I’m working on inserting data from a Pandas DataFrame into a PostgreSQL table using Python. The table structure is as follows:
CREATE TABLE sales (
id BIGINT NOT NULL, -- Primary Key
tahun INTEGER NOT NULL,
bulan NUMERIC NOT NULL,
v_kod VARCHAR(10) NOT NULL,
o_kod VARCHAR(10) NOT NULL,
amaun_rm NUMERIC NOT NULL,
dt_updated TIMESTAMP WITHOUT TIME ZONE NOT NULL
);
Here is my Python code:
import pandas as pd
import psycopg2
# Load the CSV data
forecast_results = pd.read_csv("sales.csv")
# Filter the DataFrame to include only rows from September 2024 onward
filtered_forecast_results = forecast_results[(forecast_results['tahun'] > 2024) |
((forecast_results['tahun'] == 2024) & (forecast_results['bulan'] >= 9))]
# Define the vot_kod value to be inserted
vot_kod_value = 'AAA'
# Connect to PostgreSQL
conn = psycopg2.connect(
dbname="my_database",
user="my_user",
password="my_password",
host="localhost",
port="5432"
)
cur = conn.cursor()
for index, row in filtered_forecast_results.iterrows():
# Convert the year and month to integers, but keep o_kod as a string
tahun = int(row['tahun'])
bulan = int(row['bulan'])
o_kod = str(row['o_kod '])
# Check if the row already exists
cur.execute("""
SELECT 1 FROM sales
WHERE tahun = %s AND bulan = %s AND v_kod = %s AND o_kod = %s
""", (tahun, bulan, v_kod_value, o_kod))
exists = cur.fetchone()
if not exists:
# If the row does not exist, insert it
sql_query = """
INSERT INTO sales (tahun, bulan, v_kod, o_kod, amaun_rm, dt_updated)
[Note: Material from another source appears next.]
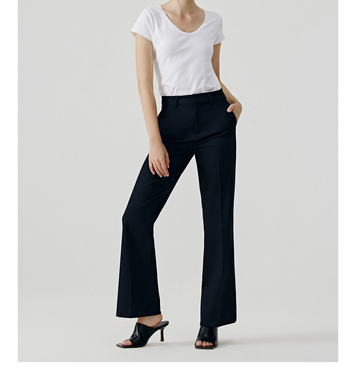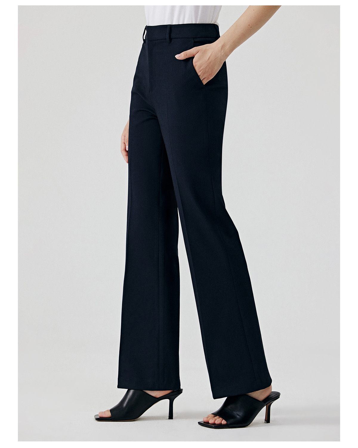 Flared pants fit, stylish and confident, flattering and slimming, creating smooth leg lines, suitable for both commuting and the workplace.

VALUES (%s, %s, %s, %s, %s, NOW())
"""
values = (
tahun,
bulan,
v_kod_value,
o_kod,
round(row['predicted_amaun_rm'], 2)
)
cur.execute(sql_query, values)
# Commit the transaction
conn.commit()
# Close the cursor and connection
cur.close()
conn.close()
When I run this code, I encounter the following error:
NotNullViolation: null value in column "id" of relation "sales" violates not-null constraint
DETAIL: Failing row contains (null, 2024, 9, AAA, 123, 2931.48, 2024-08-16 08:39:52.462847).
What I’ve Tried:
- Excluding the id Column: I tried to exclude the id column from the INSERT statement, assuming PostgreSQL would auto-generate it. However, this led to the NotNullViolation error.
- Manual ID Generation: I haven’t manually specified an id because I thought it should be auto-incremented.
Questions:
- How can I properly insert the data while ensuring that the id column is populated correctly?
- Should the id column be set up as an auto-incrementing column in PostgreSQL? If so, how can I modify the table to achieve this?
- Is there a way to fetch and use the next available ID value within my Python code before insertion?
Any advice or solutions to handle the id column properly in this scenario would be greatly appreciated!